TAIPEI – Taiwan’s Central Election Commission has decided to hold a total of nine referendums on Nov. 24, including one on the ongoing embargo on food imports from five Japanese prefectures that was imposed in the wake of the March 2011 Fukushima nuclear disaster.
The referendums will take place on the day of unified local elections.
According to the commission, Taiwanese voters will be asked whether to maintain the import ban on agricultural products and food from areas affected by the meltdowns at Tokyo Electric Power Company Holdings Inc.’s Fukushima No. 1 nuclear plant, including Fukushima, Ibaraki, Gunma, Tochigi and Chiba prefectures.
The main opposition Kuomintang party has proposed the referendum, with the aim of blocking the resumption of the imports planned by the administration of President Tsai Ing-wen and the ruling Democratic Progressive Party.

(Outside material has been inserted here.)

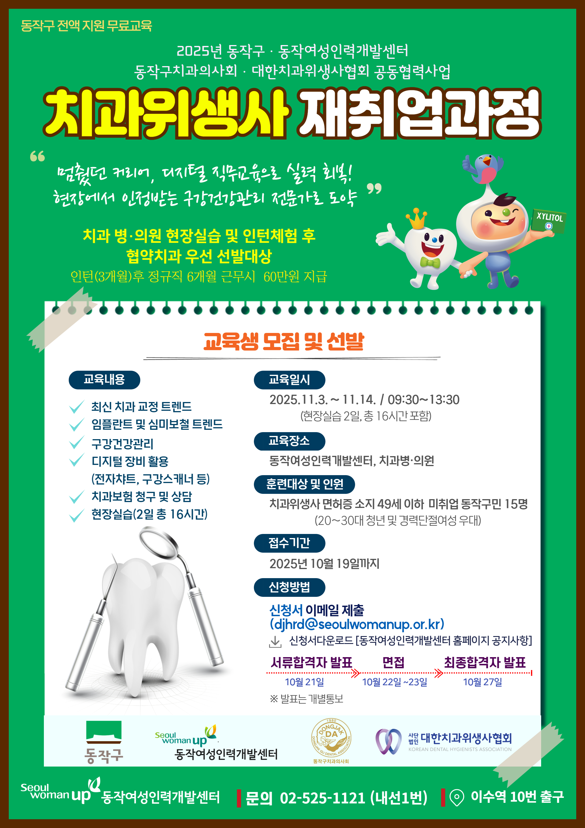 [동작구 전액지원] ‘치과위생사 재취업과정’ 무료교육에 참여하세요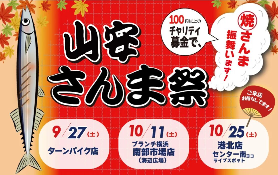 秋の恒例イベント「⼭安さんま祭り」第1弾は「⼭安ターンパイク店」で行われ、さんま2,000尾が提供されました。続く10⽉11⽇(⼟)には第2弾が「山安横浜南部市場店」で2,000尾、そして、わが街センター南は、10⽉25⽇(⼟)に第3弾として2,000尾のさんまが提供されます。

To ensure the referendum will go forward the opposition party has collected more than 310,000 signatures, surpassing the minimum requirement of 280,000.
To maintain the Japanese food bad, nearly 5 million votes will be necessary in the referendum and such a figure will be difficult to attain, people familiar with the matter said.
Kuomintang aims to take the upper hand in the local elections by highlighting its stance against the Tsai Ing-wen administration over the food issue, they added.